00:01:12.900 I'm Jemma, and if we haven't met yet, I'd love to meet you at some point during the conference. I spoke last year at RubyKaigi about a project I was working on, which has since merged to implement object shapes in CRuby. Through working on that, I really learned how to work within the CRuby codebase in a way that worked well for me, and I'm hoping to share some tips and tricks from that experience that you can hopefully apply.
00:01:51.240 We'll tell this as a story of three bugs. We'll look at three separate bugs that have been filed in CRuby, and from each of them, we'll learn a little more about how the codebase works and how we can work in it.
00:02:15.320 In case you didn't know, you can report bugs to CRuby at a specific URL, and there's a thorough Wiki that explains how to report the bugs.

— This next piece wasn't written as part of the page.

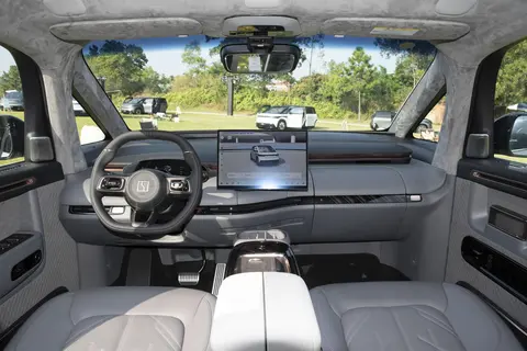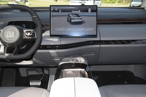 方向盘是平底式的设计。上手比较扎实贴服。电动调节,加热和记忆功能都配上了。用起来非常方便。前挡玻璃和主驾有一段距离,坐在司机座椅的时候视觉感受和轿车不太一样。需要点时间适应。但是这款车坐姿比较高,A柱附近配备了三角窗,提升了前方和侧方视野。而且还配了360°全景影像和透明影像。在车内就可以看到周边路况。路人和凹坑都能清楚看到,要避开就很轻松了。这样一来,不但减轻了驾驶压力,还提升了行车安全。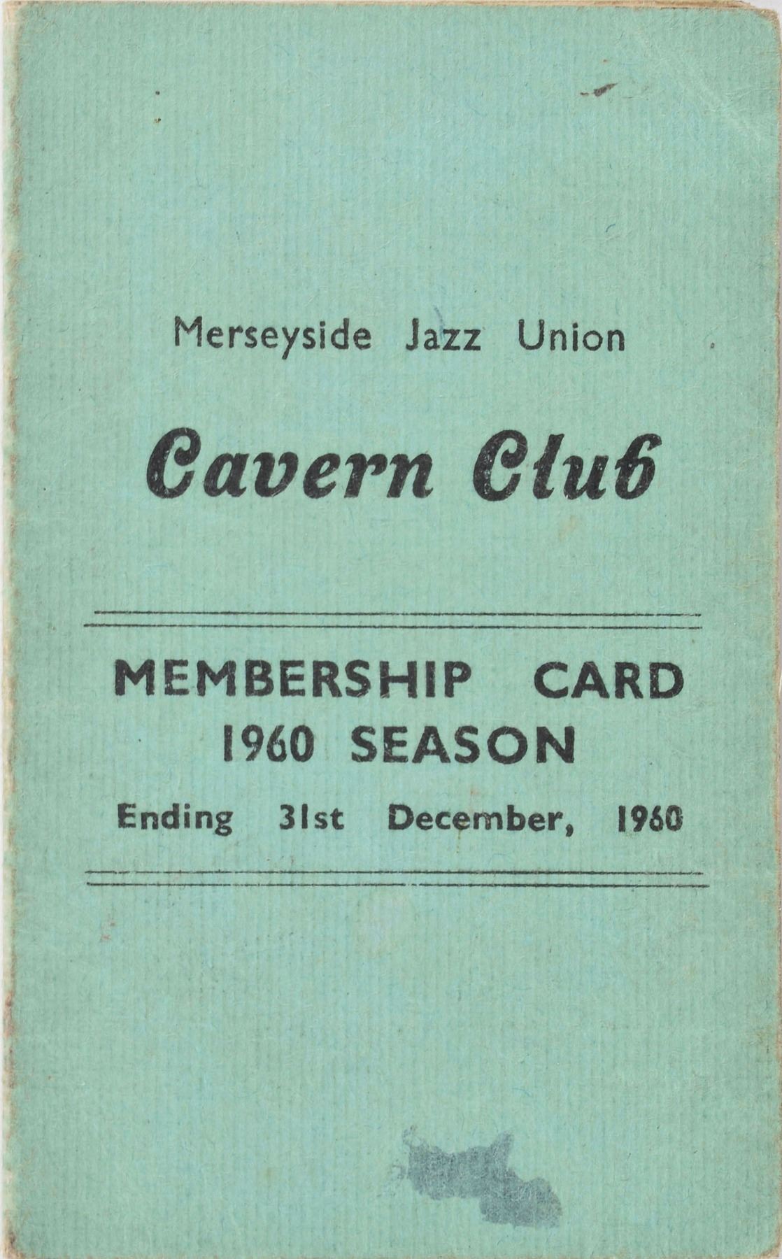 Very early Cavern Club membership card booklet for 1960, 2.5 x 4, with the owner’s name penned on the inside front cover. The booklet is issued as No. 2686, with the back cover listing club rules, and the front cover noting the card’s expiration on December 31, 1960. In fine condition, with light soiling and a small stain on the front cover. Accompanied by a certificate of authenticity from Tracks.

Now, let's talk about our first bug.
00:02:26.520 This bug was filed by one of my co-workers at Shopify, David Stosik, who is also a Tokyo local. He reported that 'array sum' and 'enumerable sum' sometimes show different behaviors.
00:02:36.900 A thorough bug description includes a minimal reproduction that David has provided. To understand what he was saying about the bug, he has this class, which is a float wrapper. The critical part of this float wrapper is the plus method, which adds a float (the float within the float wrapper) to anything that implements 'to_f', and then wraps it in another float wrapper.
00:03:00.240 As you can imagine, we could add together two float wrappers, say with integer values 1.5 and 3.5, and we would get back a float wrapper with a float value of 5.0. This plus method also allows us to add a float wrapper to a float or an integer, or anything that implements 'to_f'. Therefore, we could also add a float wrapper with a float value of 1.5 to say 3.5 and similarly get back a float wrapper with a float value of 5.0.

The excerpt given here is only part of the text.